Entre os deveres sociais do cristão, o Concílio Vaticano II recorda “o direito e


ao mesmo tempo o dever [...] de votar para promover o bem comum” 12.
Desinteressar-se de manifestar a própria opinião nos diferentes níveis em que
devemos exercer os nossos direitos sociais e cívicos seria uma falta contra a
justiça, às vezes grave, se essa abstenção favorecesse candidaturas (tanto na
composição dos parlamentos como na das associações de pais e mestres de
um colégio, na direcção de uma escola profissional, etc.) cujo programa se
opusesse aos princípios da doutrina cristã. Com maior razão, seria uma
irresponsabilidade, e talvez uma grave falta contra a justiça, apoiar
organizações ou pessoas que não respeitassem na sua actuação os
fundamentos da lei natural e da dignidade humana (aborto, divórcio, liberdade
de ensino, respeito à família...)

III. “O CRISTÃO que queira viver a sua fé numa acção política concebida
como serviço, não pode aderir – sem contradizer-se – a sistemas ideológicos
que se oponham, radicalmente ou em pontos substanciais, à sua fé e à sua
concepção do homem.

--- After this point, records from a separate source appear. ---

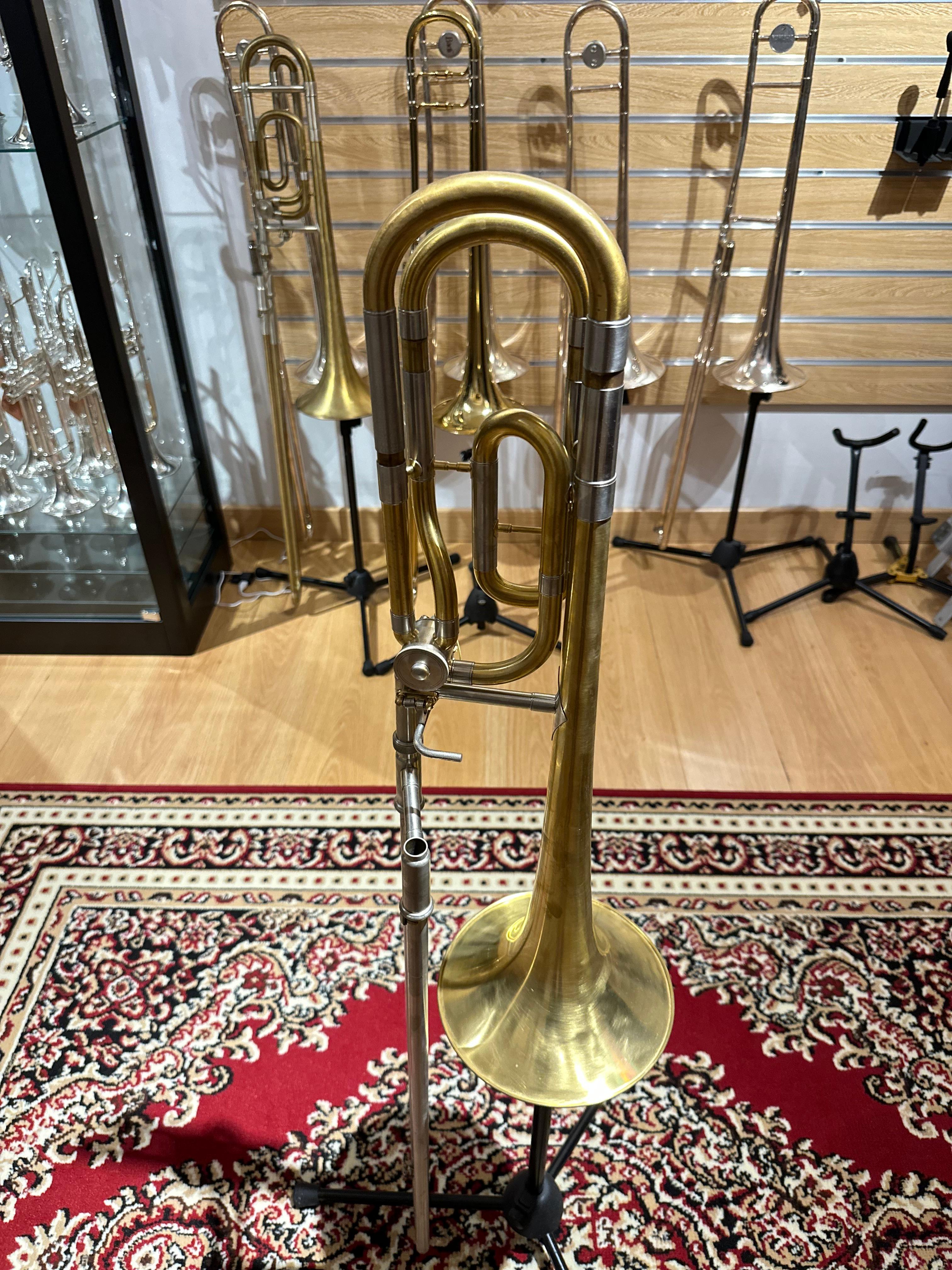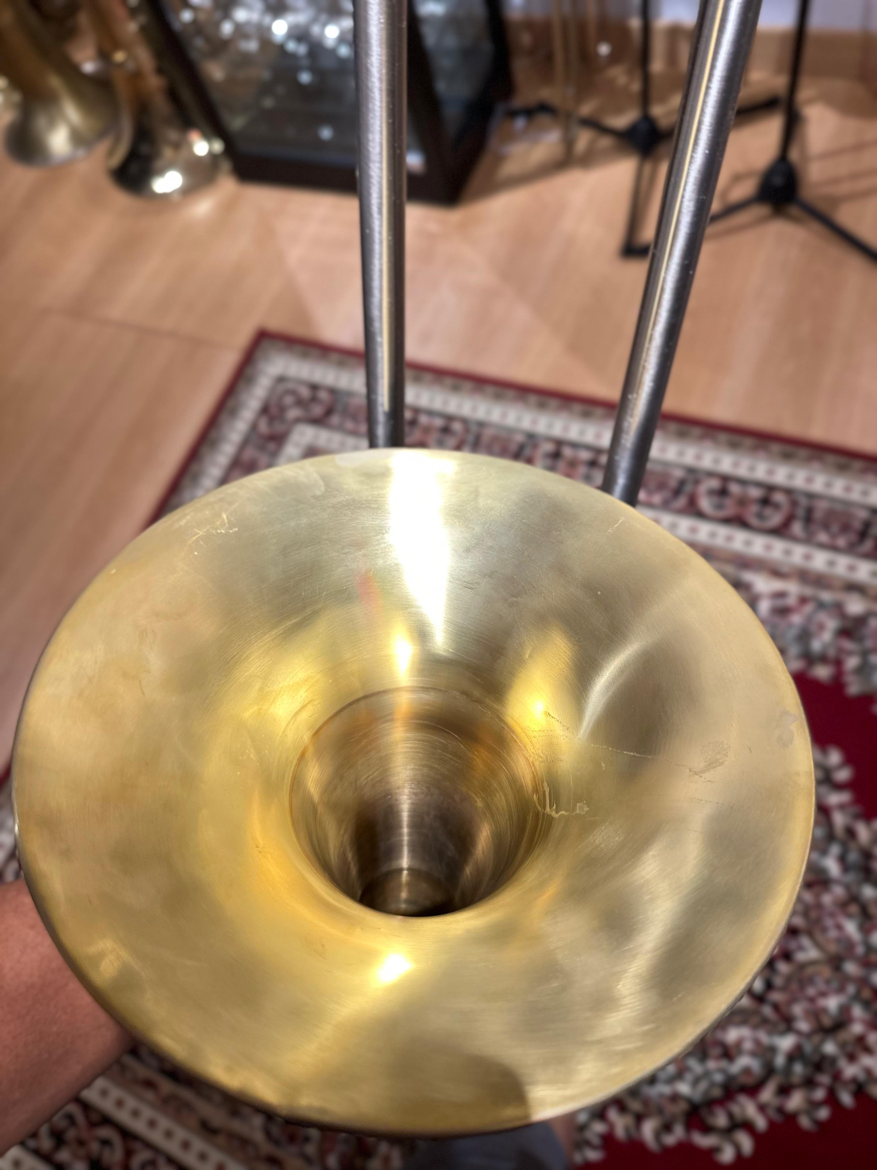 This used trombone is in very good playing condition. The slide moves smoothly with proper alignment, the F-attachment functions well, and the instrument has been professionally inspected to ensure reliable performance. Cosmetic wear and natural oxidation are present, consistent with raw brass and normal use, and do not affect sound or playability.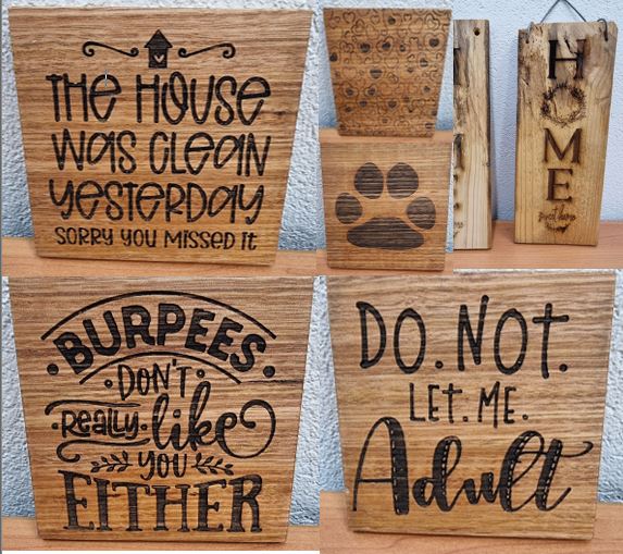 Coasters of various designs, or your own custom design. Laser Etched onto timber, 10cm x 10cm x .5cmm apprx.
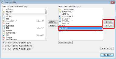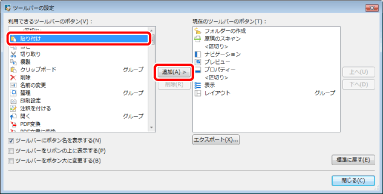 [現在のツールバーのボタン]でボタンを選択したあと、[追加]をクリックした場合は、選択したボタンの下に[利用できるツールバーのボタン]で選択したボタンが追加されます。

Não é lícito, portanto, favorecer a ideologia marxista, o
seu materialismo ateu, a sua dialéctica de violência e a maneira como entende
a liberdade individual dentro da sociedade, negando ao mesmo tempo qualquer
transcendência ao homem e à sua história pessoal e colectiva. O cristão
também não apoia a ideologia liberal, que julga exaltar a liberdade individual
subtraindo-a a qualquer limitação, estimulando-a mediante a procura exclusiva
do interesse e do poder, e considerando as solidariedades sociais como
consequências mais ou menos automáticas das iniciativas individuais, e não
como fim e motivo primário do valor da organização social”13.

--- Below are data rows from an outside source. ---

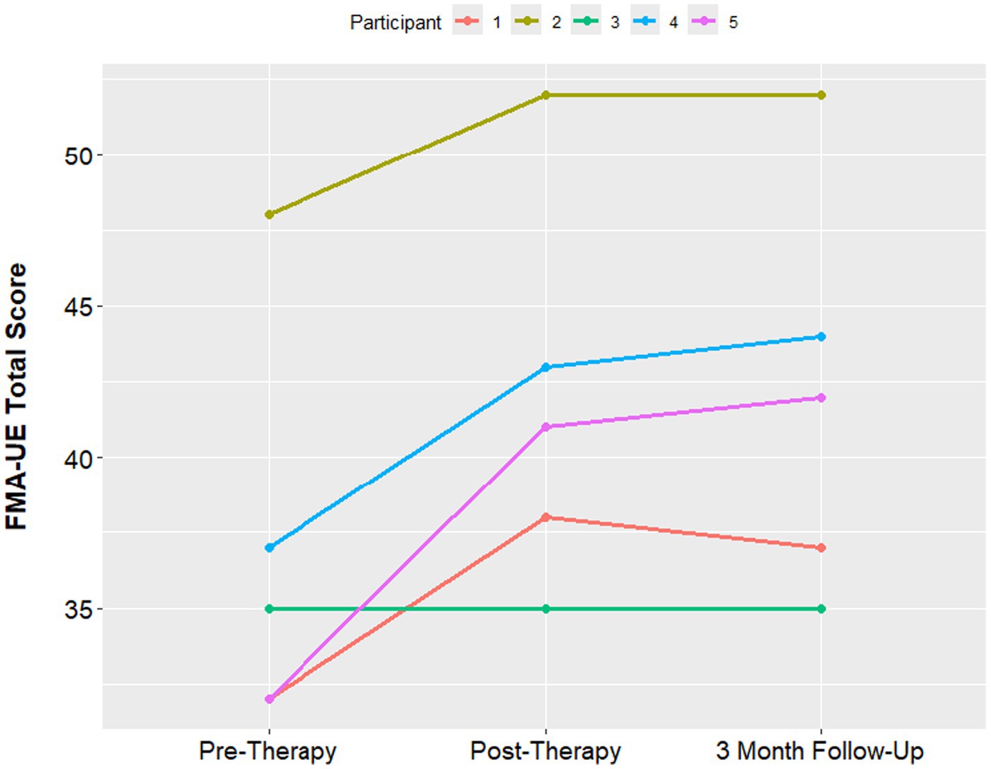 The median Fugl-Meyer UE score was 35 at the pre-therapy assessment, with a minimum of 32 and maximum of 48. At the 1-week post therapy assessment visit, the median FMA-UE score improved to 41, with a minimum of 35 and maximum of 42. The median FMA-UE improved to 42 at the 3 month follow up, with a minimum of 37 and maximum of 44. An improvement of 5 points in the FMA-UE is often considered to be the minimum clinically significant difference (Hiragami et al., 2019). 4 out of 5 participants had a clinically significant increase in the Fugl Meyer score. The one participant who had no improvement in the Fugl-Meyer also had the longest time since stroke at 15 years (Figure 4). PSOM scores remained stable from baseline to 3-month follow up in all participants.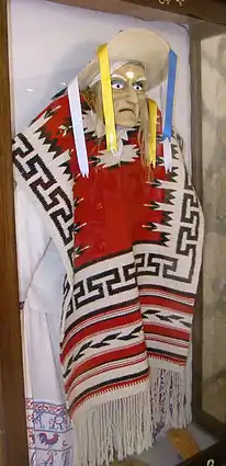 A Danzante wears a top and bottom made out of a white blanket. It is topped with a "Sarape," which is a blanket worn as a cloak in Latin America. Each Serape contains different designs and colors. They wear a hat made out of straw with adorned lengthy pieces of ribbon, each one a different color. The ribbon is parted down the middle of the hat, each one hanging 10 cm on the sides. Their shoes are sandals that have a wooden sole in order to make a tapping noise throughout their dance, followed by a wooden cane they also use. The dancers also wear a mask made out of either wood, cornstalk paste, or clay with an elderly man's face painted on it.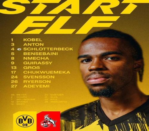 多特vs科隆:阿德耶米、吉拉西首发,丘库埃梅卡、格罗斯出战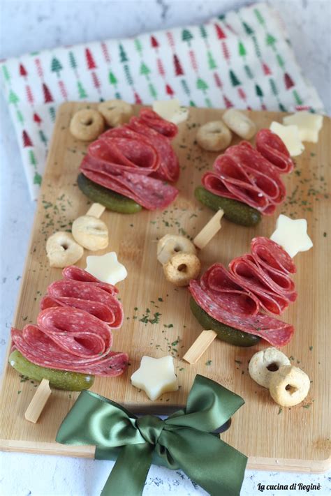 | Alberelli di Salame | Salame ungherese, formaggio, olive | Infilzare a forma di albero | Natale, feste |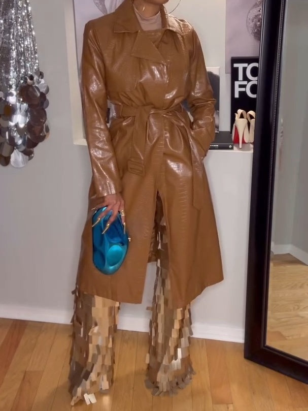 The Valentina Sequin Fringe Trouser is made from a sheer mesh fabrication and features a high rise waist, large, rectangular sequin fringe detailing, a flared leg silhouette, slick, opaque lining, and a tonal side zipper closure.
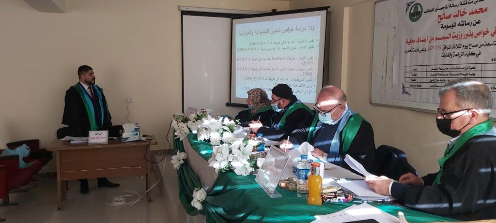 Deputies Dean for Scientific and Administrative Affairs attended a master’s thesis discussion in the Department of Food Science / College of Agriculture and Forestry / University of Mosul for the student (Mr. Mohammed Khaled Saleh) on Tuesday 5/1/2021 in the Al-Hadba’a hall.The discussion committee consisted of:

Unimo-nos hoje a esse desejo de uma maior justiça, que é uma das
características do nosso tempo14. Pedimos ao Senhor uma maior justiça e uma
maior paz, rezamos pelos governantes, como sempre se fez na Igreja 15, para
que sejam promotores da justiça, da paz e de um maior respeito pela dignidade
da pessoa. E, dentro daquilo que está nas nossas mãos, fazemos o propósito
de introduzir as exigências do Evangelho na nossa vida pessoal, na família, no
mundo em que cada dia nos movemos e do qual participamos.
Além do que cabe em sentido estrito à virtude da justiça, viveremos também
aquelas outras manifestações de virtudes naturais e sobrenaturais que a
completam e enriquecem: a lealdade, a afabilidade, a alegria... E sobretudo a
fé, que nos dá a conhecer o verdadeiro valor da pessoa, bem como a caridade,
que nos leva a comportar-nos com os outros muito além do que nos pediria a
estrita justiça, porque vemos nos outros filhos de Deus, o próprio Cristo que
nos diz: Todas as vezes que fizestes isto a um destes meus irmãos mais
pequeninos, foi a mim que o fizestes16.

(1) Sl 42, 1; (2) Paulo VI, Carta Apost. Octogesima adveniens, 14-V-1971; (3) cfr. Mt 5, 6; (4)
Mc 12, 40; (5) Ti 5, 2-4; (6) S. C. para a doutrina da fé, Instr. sobre a liberdade cristã e a
libertação, 22-III-1986, n. 38; (7) São Josemaría Escrivá, Amigos de Deus, n. 171; (8) ib., n.
169; (9) Rom 13, 7; (10) cfr. Rom 13, 7; (11) São Justino, Apologética I, 7; (12) Conc. Vat. II,
Const. Gaudium et spes, 75; (13) Paulo VI, Carta Apost. Octogesima adveniens, 14-V-1971;
(14) cfr. S. C. para a doutrina da fé,op. cit., 1; (15) cfr. 1 Tim 2, 1-2; (16) cfr. Mt 25, 40.